During DNA replication, the process involves the formation of two distinct strands at each replication fork: the leading strand and the lagging strand. The leading strand is synthesized continuously in the same direction as the movement of the replication fork. This continuous replication requires only a single RNA primer, which initiates the synthesis of the leading strand.
In contrast, the lagging strand is synthesized discontinuously in the opposite direction of the replication fork movement. This results in the formation of short segments known as Okazaki fragments, named after the Japanese scientist who discovered them. Each Okazaki fragment requires its own RNA primer for initiation, leading to the necessity of multiple primers for the entire lagging strand.

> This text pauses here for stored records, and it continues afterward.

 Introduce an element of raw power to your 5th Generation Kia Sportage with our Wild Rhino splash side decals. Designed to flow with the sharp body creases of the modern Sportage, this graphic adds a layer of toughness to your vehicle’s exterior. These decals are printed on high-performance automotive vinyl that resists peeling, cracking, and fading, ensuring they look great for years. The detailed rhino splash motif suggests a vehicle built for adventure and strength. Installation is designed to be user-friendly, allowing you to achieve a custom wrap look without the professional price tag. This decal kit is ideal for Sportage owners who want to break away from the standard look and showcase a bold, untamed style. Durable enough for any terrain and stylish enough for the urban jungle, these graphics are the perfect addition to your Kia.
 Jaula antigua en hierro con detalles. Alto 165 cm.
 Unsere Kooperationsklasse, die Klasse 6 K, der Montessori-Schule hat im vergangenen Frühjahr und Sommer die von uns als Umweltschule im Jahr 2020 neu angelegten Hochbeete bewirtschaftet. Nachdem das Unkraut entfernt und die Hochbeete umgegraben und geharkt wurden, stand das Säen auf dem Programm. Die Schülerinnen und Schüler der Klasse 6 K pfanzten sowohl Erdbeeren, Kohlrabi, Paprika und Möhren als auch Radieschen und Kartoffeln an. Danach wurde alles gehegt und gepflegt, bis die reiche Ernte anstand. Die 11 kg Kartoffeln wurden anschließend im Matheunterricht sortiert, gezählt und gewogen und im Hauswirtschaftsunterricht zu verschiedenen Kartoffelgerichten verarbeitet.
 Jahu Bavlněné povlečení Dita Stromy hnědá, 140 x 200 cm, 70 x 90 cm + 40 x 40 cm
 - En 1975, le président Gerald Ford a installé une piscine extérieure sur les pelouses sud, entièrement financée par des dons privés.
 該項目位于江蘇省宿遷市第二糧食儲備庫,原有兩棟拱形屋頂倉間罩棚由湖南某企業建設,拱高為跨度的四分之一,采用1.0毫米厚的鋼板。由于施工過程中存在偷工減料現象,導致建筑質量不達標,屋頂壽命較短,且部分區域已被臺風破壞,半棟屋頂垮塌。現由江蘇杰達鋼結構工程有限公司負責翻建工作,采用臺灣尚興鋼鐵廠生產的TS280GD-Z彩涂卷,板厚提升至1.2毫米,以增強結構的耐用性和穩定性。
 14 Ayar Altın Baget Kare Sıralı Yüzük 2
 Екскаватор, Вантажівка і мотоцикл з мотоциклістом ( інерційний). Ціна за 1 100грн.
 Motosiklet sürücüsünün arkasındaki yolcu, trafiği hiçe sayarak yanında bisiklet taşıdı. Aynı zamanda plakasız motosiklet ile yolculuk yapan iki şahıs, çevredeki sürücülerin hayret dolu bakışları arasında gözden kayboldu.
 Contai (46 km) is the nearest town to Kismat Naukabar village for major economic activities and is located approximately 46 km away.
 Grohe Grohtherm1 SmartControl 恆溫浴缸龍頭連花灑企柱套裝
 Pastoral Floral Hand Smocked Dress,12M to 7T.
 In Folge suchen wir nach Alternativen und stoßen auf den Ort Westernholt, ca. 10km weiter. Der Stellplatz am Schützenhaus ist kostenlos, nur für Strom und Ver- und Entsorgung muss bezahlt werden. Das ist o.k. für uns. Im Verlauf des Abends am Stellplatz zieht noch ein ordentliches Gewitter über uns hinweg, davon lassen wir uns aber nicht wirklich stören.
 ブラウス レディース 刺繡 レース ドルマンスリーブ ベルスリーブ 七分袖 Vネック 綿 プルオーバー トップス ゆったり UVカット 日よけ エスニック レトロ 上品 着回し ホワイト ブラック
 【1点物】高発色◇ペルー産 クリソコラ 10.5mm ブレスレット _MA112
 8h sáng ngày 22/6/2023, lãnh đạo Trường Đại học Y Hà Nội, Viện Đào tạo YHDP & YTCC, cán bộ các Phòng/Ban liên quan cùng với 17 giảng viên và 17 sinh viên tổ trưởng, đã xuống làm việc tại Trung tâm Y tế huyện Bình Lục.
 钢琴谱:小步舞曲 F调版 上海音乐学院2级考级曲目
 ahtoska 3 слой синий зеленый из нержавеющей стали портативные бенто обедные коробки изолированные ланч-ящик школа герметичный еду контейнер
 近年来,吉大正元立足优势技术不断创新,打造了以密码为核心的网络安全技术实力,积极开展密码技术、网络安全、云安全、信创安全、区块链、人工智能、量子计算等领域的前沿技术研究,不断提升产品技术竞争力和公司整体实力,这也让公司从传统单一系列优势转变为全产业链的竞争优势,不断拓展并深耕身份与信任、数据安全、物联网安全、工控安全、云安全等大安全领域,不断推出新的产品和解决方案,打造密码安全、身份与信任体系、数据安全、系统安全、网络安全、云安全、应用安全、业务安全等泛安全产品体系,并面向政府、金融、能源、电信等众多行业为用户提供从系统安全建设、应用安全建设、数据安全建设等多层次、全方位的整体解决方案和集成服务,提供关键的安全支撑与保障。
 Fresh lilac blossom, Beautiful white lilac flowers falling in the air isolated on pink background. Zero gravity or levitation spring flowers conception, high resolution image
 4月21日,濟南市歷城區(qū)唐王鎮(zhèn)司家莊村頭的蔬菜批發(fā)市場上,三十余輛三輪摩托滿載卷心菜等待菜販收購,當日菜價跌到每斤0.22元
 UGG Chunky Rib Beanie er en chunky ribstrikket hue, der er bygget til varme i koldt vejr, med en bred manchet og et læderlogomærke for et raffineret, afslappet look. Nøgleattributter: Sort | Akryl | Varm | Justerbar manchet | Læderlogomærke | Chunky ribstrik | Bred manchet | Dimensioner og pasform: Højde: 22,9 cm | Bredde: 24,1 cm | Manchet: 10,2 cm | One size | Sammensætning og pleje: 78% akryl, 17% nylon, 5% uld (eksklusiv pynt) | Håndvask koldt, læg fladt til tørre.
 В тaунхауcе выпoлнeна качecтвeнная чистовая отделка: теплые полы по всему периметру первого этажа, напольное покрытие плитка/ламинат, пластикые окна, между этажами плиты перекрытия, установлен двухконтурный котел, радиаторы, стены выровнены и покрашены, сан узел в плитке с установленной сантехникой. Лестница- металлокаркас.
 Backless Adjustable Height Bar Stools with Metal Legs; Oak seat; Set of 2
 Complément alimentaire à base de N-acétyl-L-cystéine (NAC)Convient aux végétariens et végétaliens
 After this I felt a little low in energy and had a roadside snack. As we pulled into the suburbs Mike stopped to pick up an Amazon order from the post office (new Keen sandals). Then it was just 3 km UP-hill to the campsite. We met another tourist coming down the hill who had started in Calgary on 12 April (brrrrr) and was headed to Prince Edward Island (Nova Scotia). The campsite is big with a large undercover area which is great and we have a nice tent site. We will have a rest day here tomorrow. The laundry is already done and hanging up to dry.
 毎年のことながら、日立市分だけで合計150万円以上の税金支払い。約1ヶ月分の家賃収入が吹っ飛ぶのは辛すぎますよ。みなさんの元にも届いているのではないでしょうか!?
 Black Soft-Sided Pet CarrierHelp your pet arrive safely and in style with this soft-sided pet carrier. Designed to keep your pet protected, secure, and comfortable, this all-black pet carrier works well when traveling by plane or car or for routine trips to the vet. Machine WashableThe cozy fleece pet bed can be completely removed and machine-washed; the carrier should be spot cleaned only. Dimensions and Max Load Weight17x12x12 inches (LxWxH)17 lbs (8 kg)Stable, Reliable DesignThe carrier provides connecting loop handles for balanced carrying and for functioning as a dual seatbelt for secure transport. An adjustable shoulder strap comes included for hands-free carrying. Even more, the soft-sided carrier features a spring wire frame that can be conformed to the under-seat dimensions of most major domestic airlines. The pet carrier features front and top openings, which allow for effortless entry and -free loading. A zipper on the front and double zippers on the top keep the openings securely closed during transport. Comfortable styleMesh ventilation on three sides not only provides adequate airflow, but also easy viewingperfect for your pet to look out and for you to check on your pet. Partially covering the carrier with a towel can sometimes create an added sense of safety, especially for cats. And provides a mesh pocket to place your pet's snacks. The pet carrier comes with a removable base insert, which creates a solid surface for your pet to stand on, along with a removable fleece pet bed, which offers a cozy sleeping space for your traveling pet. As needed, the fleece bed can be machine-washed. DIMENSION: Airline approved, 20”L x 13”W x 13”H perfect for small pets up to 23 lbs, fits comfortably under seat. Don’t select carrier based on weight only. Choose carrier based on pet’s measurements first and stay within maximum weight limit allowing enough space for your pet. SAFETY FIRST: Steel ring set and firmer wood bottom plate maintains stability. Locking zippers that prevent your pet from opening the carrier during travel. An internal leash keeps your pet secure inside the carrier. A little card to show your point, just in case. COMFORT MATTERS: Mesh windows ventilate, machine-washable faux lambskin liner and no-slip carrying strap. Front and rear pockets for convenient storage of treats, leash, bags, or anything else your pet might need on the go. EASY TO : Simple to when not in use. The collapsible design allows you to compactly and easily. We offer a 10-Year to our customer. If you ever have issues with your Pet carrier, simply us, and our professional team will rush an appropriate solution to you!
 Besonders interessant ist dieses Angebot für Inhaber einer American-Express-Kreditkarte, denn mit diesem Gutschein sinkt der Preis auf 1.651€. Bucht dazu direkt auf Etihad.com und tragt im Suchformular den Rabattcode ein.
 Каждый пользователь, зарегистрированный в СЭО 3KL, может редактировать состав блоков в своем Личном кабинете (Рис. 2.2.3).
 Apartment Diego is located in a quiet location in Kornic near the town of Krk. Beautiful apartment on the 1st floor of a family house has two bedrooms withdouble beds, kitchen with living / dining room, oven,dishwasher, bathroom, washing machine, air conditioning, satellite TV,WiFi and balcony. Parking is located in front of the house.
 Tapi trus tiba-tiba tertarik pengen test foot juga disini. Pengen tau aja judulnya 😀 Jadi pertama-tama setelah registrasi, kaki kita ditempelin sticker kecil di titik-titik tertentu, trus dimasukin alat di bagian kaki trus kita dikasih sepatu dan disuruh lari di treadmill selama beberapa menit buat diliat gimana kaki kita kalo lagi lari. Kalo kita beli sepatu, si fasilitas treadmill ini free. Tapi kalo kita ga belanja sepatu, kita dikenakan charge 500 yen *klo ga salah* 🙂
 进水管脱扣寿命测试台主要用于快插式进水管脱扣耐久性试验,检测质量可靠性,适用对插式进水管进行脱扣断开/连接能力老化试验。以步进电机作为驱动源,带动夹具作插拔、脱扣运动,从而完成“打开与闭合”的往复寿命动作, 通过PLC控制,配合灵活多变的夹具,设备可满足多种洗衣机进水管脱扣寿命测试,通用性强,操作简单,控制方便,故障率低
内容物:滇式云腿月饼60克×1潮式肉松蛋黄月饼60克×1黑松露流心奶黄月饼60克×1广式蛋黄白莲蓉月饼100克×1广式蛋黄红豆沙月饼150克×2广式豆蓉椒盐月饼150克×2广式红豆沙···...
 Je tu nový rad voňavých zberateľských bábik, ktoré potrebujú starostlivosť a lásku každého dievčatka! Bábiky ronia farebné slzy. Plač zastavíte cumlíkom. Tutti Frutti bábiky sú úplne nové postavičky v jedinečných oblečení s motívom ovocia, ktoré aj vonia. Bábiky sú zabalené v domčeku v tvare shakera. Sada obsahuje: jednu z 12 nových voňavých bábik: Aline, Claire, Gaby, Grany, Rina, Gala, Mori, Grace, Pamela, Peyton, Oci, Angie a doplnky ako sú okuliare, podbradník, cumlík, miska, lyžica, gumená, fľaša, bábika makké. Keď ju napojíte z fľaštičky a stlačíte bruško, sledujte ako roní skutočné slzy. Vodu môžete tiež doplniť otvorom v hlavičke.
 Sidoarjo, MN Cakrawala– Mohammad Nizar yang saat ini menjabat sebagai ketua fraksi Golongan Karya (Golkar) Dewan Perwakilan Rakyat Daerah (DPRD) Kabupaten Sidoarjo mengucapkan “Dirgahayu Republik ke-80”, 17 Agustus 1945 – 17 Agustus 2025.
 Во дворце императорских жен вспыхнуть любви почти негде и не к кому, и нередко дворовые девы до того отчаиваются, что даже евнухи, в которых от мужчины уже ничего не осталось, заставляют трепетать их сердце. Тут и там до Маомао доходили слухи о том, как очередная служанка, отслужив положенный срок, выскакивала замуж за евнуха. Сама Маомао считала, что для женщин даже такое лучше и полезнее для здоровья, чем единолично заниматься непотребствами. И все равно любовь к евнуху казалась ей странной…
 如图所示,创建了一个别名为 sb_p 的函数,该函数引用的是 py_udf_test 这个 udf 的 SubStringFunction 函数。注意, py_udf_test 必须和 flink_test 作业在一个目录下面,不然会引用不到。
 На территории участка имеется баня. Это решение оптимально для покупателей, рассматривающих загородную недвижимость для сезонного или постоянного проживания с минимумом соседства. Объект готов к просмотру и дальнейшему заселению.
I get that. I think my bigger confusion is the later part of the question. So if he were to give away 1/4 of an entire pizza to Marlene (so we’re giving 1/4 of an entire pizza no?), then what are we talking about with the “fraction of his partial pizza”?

As the replication fork progresses, these Okazaki fragments are eventually joined together by the enzyme DNA ligase, which covalently links the fragments to form a continuous strand. The replication process is constrained by the nature of DNA polymerase, which can only synthesize DNA in the 5' to 3' direction. This limitation necessitates the discontinuous synthesis of the lagging strand.
In summary, the leading strand is characterized by continuous synthesis with a single RNA primer, while the lagging strand is synthesized in segments, requiring multiple RNA primers and subsequent joining of Okazaki fragments. Understanding these mechanisms is crucial for grasping the complexities of DNA replication and the roles of various enzymes involved in the process.